---- Records to use
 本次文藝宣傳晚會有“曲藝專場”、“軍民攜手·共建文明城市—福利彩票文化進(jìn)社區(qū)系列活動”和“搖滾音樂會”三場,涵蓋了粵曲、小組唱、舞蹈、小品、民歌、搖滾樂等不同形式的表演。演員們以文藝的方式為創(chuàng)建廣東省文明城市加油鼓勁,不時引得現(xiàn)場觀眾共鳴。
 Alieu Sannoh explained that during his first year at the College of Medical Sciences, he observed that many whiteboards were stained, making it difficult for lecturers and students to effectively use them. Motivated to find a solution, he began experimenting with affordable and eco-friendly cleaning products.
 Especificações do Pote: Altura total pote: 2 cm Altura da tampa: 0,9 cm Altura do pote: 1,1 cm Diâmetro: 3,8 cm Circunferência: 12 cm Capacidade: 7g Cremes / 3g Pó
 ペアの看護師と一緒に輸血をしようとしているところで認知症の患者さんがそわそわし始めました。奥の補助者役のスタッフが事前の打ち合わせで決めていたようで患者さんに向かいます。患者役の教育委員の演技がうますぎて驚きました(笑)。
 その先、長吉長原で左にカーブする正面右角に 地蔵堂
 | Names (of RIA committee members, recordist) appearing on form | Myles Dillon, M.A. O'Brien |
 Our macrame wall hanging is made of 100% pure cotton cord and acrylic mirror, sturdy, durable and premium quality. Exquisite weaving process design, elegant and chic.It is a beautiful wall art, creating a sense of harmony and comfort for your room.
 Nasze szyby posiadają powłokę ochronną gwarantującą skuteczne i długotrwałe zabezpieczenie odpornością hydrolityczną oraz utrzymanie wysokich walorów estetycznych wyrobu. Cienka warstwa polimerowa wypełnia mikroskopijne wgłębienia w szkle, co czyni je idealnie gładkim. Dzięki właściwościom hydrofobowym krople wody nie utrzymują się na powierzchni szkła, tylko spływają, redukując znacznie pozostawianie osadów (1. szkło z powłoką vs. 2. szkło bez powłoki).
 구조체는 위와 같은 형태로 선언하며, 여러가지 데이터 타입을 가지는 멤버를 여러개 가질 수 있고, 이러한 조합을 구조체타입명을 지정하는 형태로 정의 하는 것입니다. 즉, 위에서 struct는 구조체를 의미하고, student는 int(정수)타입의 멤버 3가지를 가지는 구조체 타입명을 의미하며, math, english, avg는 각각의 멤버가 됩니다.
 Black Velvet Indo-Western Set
--------
What is needed.
In the records above, find the line containing "구조체는 위와 같은 형태로" and print it and every later line exactly, through the last one.

Expected answer.
 구조체는 위와 같은 형태로 선언하며, 여러가지 데이터 타입을 가지는 멤버를 여러개 가질 수 있고, 이러한 조합을 구조체타입명을 지정하는 형태로 정의 하는 것입니다. 즉, 위에서 struct는 구조체를 의미하고, student는 int(정수)타입의 멤버 3가지를 가지는 구조체 타입명을 의미하며, math, english, avg는 각각의 멤버가 됩니다.
 Black Velvet Indo-Western Set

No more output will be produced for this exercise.